The loss of an old way of life, coupled with the rise of individualism and a survival instinct in places like Assam, proved fruitful for Narendra Modi. The middle class woke up from its indifferent slumber and decided to take matters into its own hands. With an 80% voter turnout rate, Assam’s was among the highest in the country. The BJP, once a non-existent force in the state, gained at least seven seats, thanks to the world’s newest “me me” generation. Trends on Facebook India during elections were especially telling, their order even more so: jobs, education, corruption.

Charisma—that’s what supporters say is behind the so-called Modi wave. During my stay in the region, it looked more like a well-oiled marketing machine: an Assamese jingle devoted to Modi played on the radio, he wore signature Assamese garb in countless billboards, makeshift rallies were held along major highways and narrow footpaths deep inside villages.

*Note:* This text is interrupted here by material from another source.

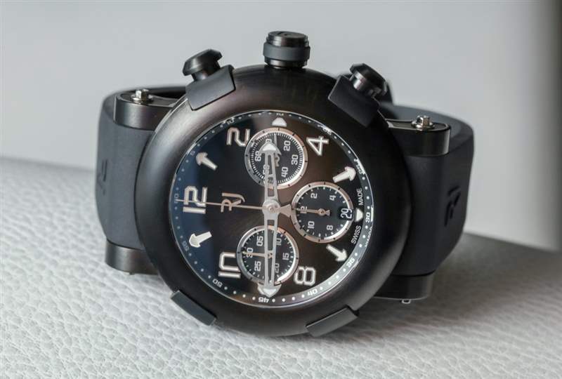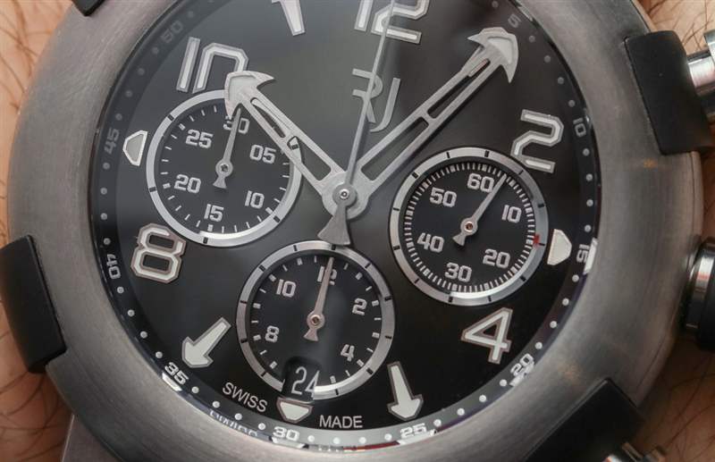 RJ 提供四種基本材料樣式的 Arraw 計(jì)時(shí)碼表,不考慮表殼尺寸、各種表盤顏色(但大多數(shù)是黑色)和鉆石裝飾選項(xiàng)。基本型號(hào)可能是最受歡迎的,它是鈦金屬的拍照版本。RJ 還生產(chǎn)雙色 Arraw 計(jì)時(shí)碼表,主要采用鈦金屬表殼和 18k 紅金表圈,表盤顏色相匹配。當(dāng)然也有全 18k 紅金款。Tedeschi 不會(huì)忠實(shí)于他在 Hublot 的時(shí)間,如果不創(chuàng)造 Arraw 計(jì)時(shí)碼表的全黑陶瓷版本 – 它比鈦合金表款高出 2,400 美元(零售價(jià)14,300 美元)(如果你問我的話,有點(diǎn)高)。

Mainly, I think Modi benefited from a people’s fatigue, a desire to believe in him, and his being in the right place at the right time. The history of families like mine have been tangled in the Nehru-Gandhi dynasty for India’s entire existence. Yet economic instability and uneven prosperity are forcing a realization that the country must find a path toward growth that is truly sustainable—not rooted in the riches of an elder brother, the inheritance of ancestral land, the occasional freebies from Mai and Baap. Suddenly, the middle class has a desire to be a part of the political system, help create a vision for its economic future, not simply take crumbs or cover from the more prosperous. If there is a silver lining of Modi’s ascension, this engagement, this redefinition, this seizure is it. From the shadows of good homes across India, the revolution has come.